▶ Stored entries:
================
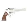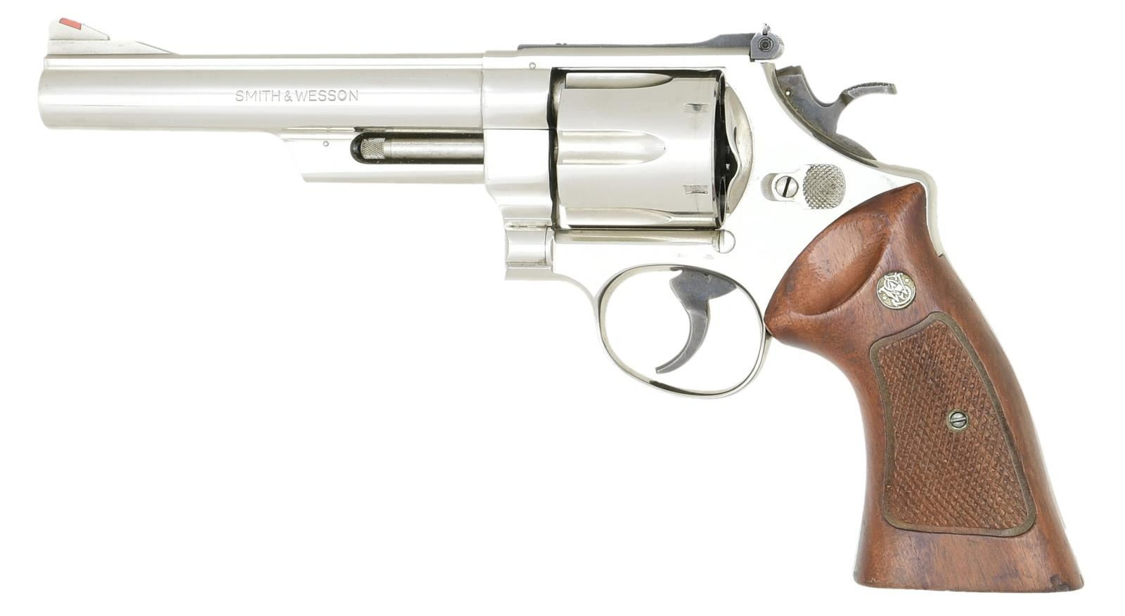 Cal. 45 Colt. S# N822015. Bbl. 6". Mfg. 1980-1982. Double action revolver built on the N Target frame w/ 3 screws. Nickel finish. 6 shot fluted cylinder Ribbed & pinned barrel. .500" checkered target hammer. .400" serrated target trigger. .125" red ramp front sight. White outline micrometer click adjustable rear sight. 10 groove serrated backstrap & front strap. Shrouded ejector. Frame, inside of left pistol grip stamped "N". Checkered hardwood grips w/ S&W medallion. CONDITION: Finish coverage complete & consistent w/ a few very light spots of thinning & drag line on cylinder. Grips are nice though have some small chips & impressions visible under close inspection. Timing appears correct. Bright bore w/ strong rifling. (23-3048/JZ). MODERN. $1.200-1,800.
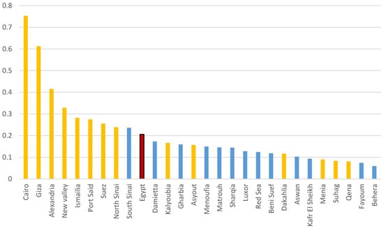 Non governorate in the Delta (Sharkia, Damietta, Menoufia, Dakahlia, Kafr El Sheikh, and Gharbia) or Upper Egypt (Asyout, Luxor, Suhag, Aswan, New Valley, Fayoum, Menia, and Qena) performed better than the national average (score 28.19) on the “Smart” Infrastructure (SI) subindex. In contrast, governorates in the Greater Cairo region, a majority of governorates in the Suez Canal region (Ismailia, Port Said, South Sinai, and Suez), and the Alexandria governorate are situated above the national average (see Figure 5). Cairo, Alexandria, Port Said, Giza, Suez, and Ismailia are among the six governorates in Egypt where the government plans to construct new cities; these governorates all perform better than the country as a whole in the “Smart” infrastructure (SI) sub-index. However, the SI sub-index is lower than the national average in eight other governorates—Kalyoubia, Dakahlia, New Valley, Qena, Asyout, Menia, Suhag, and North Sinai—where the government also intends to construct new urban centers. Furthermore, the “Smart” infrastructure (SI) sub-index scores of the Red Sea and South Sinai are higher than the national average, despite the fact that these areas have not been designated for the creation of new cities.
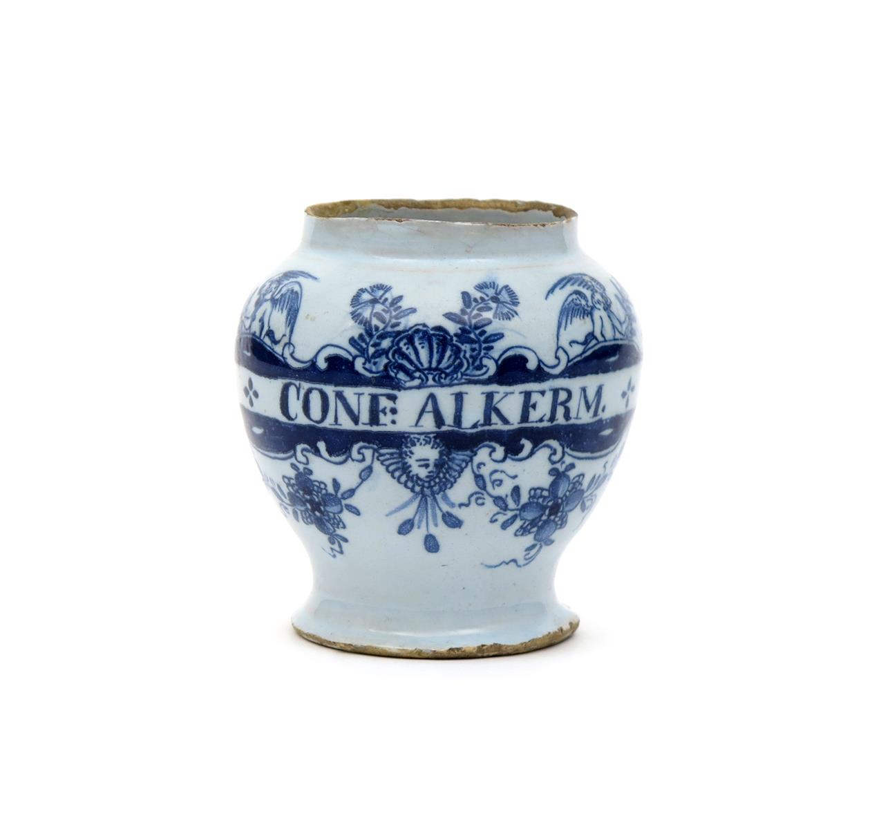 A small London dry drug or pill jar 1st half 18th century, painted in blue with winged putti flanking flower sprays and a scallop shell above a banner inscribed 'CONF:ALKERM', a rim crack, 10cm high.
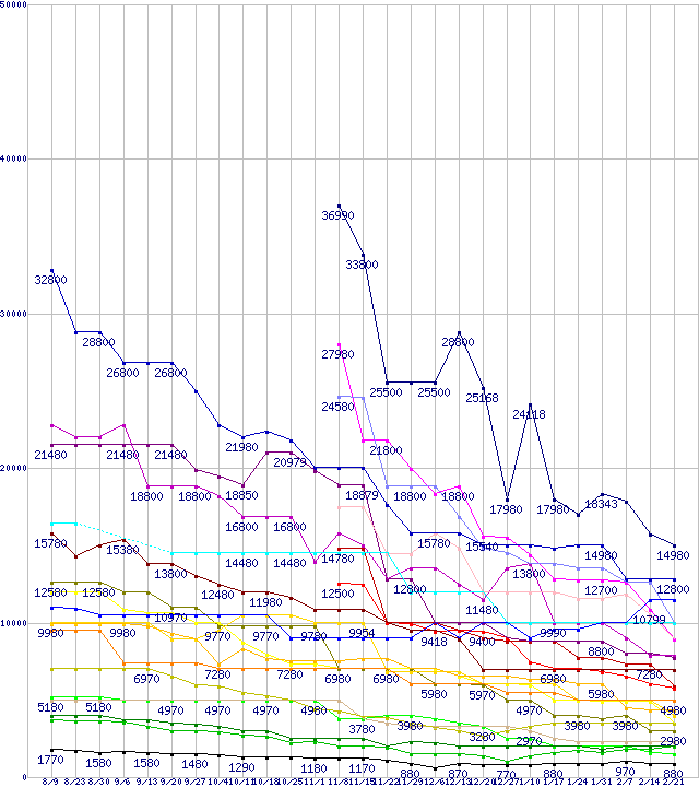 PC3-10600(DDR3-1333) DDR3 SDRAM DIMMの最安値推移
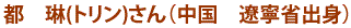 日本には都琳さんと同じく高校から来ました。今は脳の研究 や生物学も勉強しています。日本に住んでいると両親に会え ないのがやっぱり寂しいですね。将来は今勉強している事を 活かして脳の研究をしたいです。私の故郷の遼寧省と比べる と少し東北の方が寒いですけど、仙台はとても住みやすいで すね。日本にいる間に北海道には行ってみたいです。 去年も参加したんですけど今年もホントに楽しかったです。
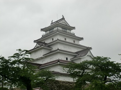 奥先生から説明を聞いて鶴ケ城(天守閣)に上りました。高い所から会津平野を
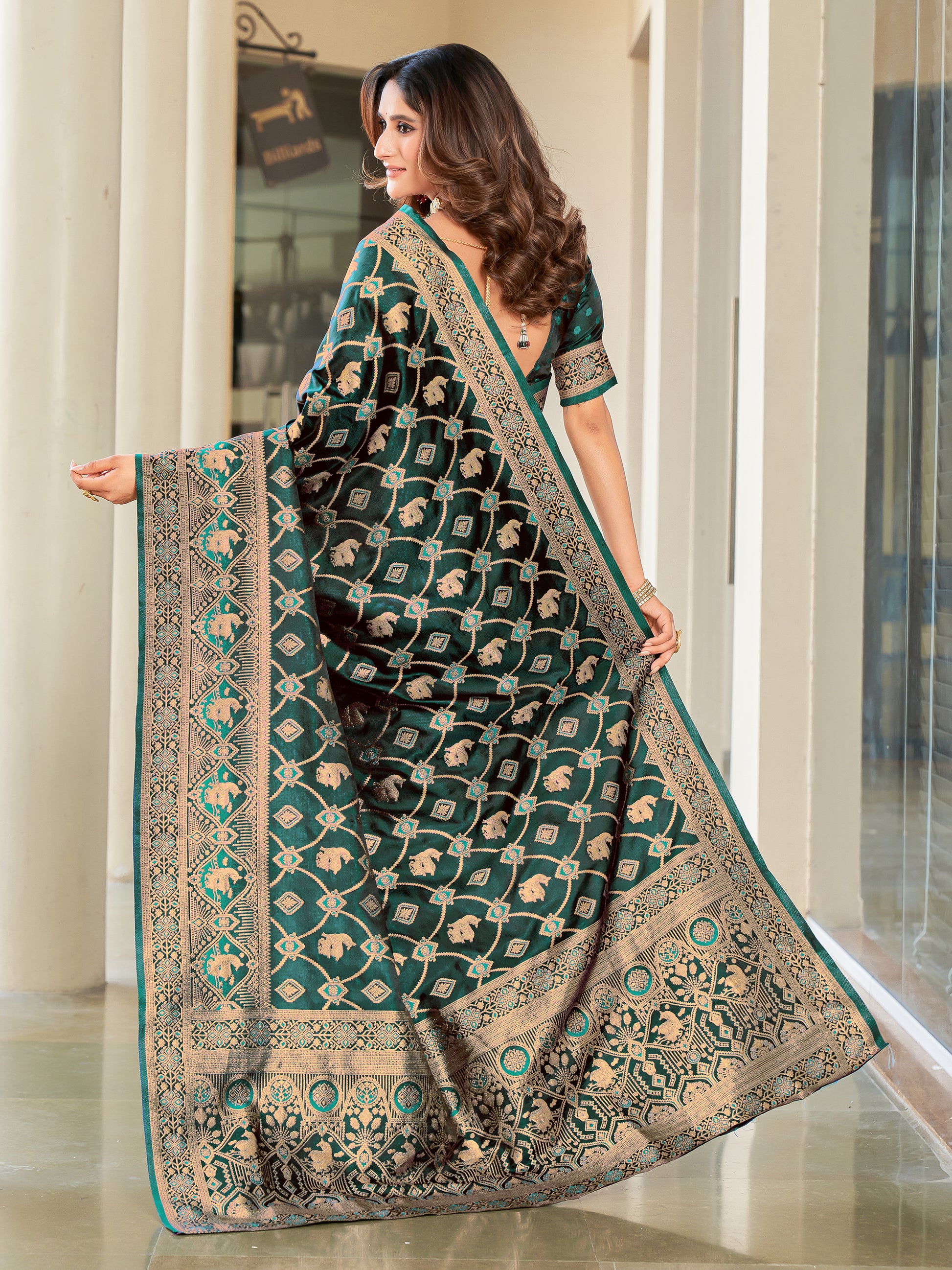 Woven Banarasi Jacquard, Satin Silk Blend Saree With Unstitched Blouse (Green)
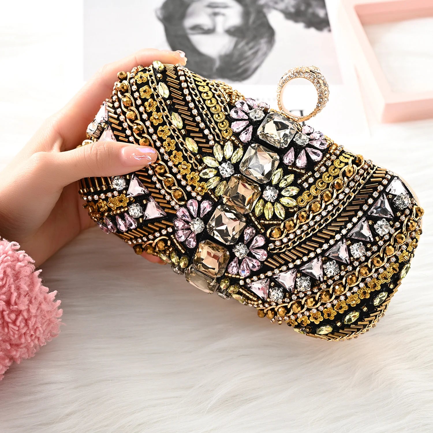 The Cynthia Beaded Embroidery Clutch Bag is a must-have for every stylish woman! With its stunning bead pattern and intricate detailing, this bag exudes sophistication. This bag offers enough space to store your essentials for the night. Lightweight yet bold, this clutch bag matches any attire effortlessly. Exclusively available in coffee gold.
================
Please copy the lines above, starting at the one that holds "Woven Banarasi Jacquard, Satin" and stopping after the last line, exactly as they appear and minus the pictures.

 Woven Banarasi Jacquard, Satin Silk Blend Saree With Unstitched Blouse (Green)
 The Cynthia Beaded Embroidery Clutch Bag is a must-have for every stylish woman! With its stunning bead pattern and intricate detailing, this bag exudes sophistication. This bag offers enough space to store your essentials for the night. Lightweight yet bold, this clutch bag matches any attire effortlessly. Exclusively available in coffee gold.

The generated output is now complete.